In the documentary the science showed it took an hours effort burn the same amount of energy as the guy gained from one single banana!


----------



## saxondale (Nov 11, 2012)

dtlv said:


> The main reason there is hate towards SS cardio is simply the fashion of the time - HIIT is the cool thing, SS is the old fashioned thing.
> 
> Both have a place IMO and, for a variety of possible reasons, either mode of exercise may be more suited to one person more than the other.
> 
> There is no absolute that says one form of cardio is better for fat loss than the other in all people in all conditions.


The science bit

www.youtube.com/watch?v=FZ_BGhA7SK8


----------



## Dh2909 (Aug 9, 2011)

Like Lyle Mcdonald said - Old school bodybuilders got in contest shape doing only steady state cardio before HIIT came along, so to say its useless or counter productive is just nonsense. He uses a combination of HIIT and LISS in his stubborn Fat Protocol and makes good points as to why and how both work.

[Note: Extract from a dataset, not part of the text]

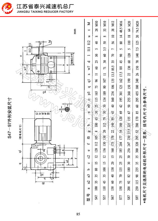 1、S系列斜齿轮-蜗轮减速电机具有很高的科技含量,有斜齿轮与蜗轮蜗杆结合一体传动,提高该机力矩与效率。该系列产品规格齐全,转速范围广,通用性好,适应各种安装方式,性能安全可靠寿命长,实施了国际标准要求。

Such as HIIT is very good at releasing Fat from fat cell followed by steady state will prevent Fat from re-entering fat cells and prioritize it for use as fuel


----------



## Ragingagain (Sep 4, 2010)

Pretty sure a lot of pros just walk..... Did steady state myself an lost near 20kg. Whatever suits you I guess


----------



## golfgttdi (Oct 6, 2010)

UkWardy said:


> If anyone reads all of that I'll rep them..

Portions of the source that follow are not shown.